Background
ART-free HIV viral control remains an unmet need for people with HIV (PWH). Trosunilimab, an anti-α4β7 integrin antibody with preserved Fc functionality, is expected to induce immune responses to control viral replication, and was evaluated in a phase 1 program in healthy volunteers (HV) and PWH.
Methods
The double-blind, placebo (PBO) controlled phase 1 studies evaluated single-ascending doses (SAD) ranging from 50 to 1800 mg IV, and 800 mg SC in healthy volunteers (Study M19-968) and 800 mg and 1600 mg IV (SAD) in viremic PWH off ART (Part A) and multiple ascending doses of 800 mg IV and SC and 1600 mg IV in aviremic PWH on ART (Part B) (Study M19-966). Safety analysis included adverse events (AEs) and lab abnormalities. Pharmacodynamic (PD) analysis included α4β7 integrin receptor target engagement. α4β7 integrin expression on HIV virion was assessed in viremic PWH.
Results
In M19-968, 55 HV received either trosunilimab or PBO. In M19-966, 9 participants received trosunilimab in Part A, and 45 received either trosunilimab or PBO in Part B. Demographics of PWH are reported in Table 1. In M19-966 Part A, no subject had significant sustained decline in HIV RNA (>0.5 Log 10) in the absence of ART. No serious AEs or drug-related AEs Grade ≥3 or leading to discontinuation of study drug occurred in either study and the frequency of drug-related AEs was low.

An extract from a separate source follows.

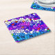 This stunning set of coasters presents a gorgeous mosaic tile pattern in shades of purple, pink, blue, turquoise and white.

One HV (1800 mg IV dose) had drug-related elevated transaminases which were also considered possibly related to recent passage of a gallstone. In M19-968, linear pharmacokinetics (PK) was observed from 400 to 1800 mg IV with terminal half-life ranging from approximately 12 to 25 days. The concentration required to achieve nearly complete (>90%) α4β7 receptor saturation in healthy volunteers was 3 µg/mL. Trosunilimab-mediated β7 internalization followed a U-shaped relationship with drug concentration. In M19-966 Part A, circulating HIV virions expressed α4β7 indicating potential for Fc-mediated immune responses. Expression of α4β7 on virion was found to be inversely correlated with internalization of the receptor.
Conclusions
The phase 1 studies showed that trosunilimab was well-tolerated in healthy volunteers and in PWH. The safety, PK/PD, and immunogenicity data from phase 1 studies allowed dose selection for the ongoing phase 2 study, M19-965, evaluating combinations of trosunilimab and budigalimab in PWH undergoing analytic treatment interruption.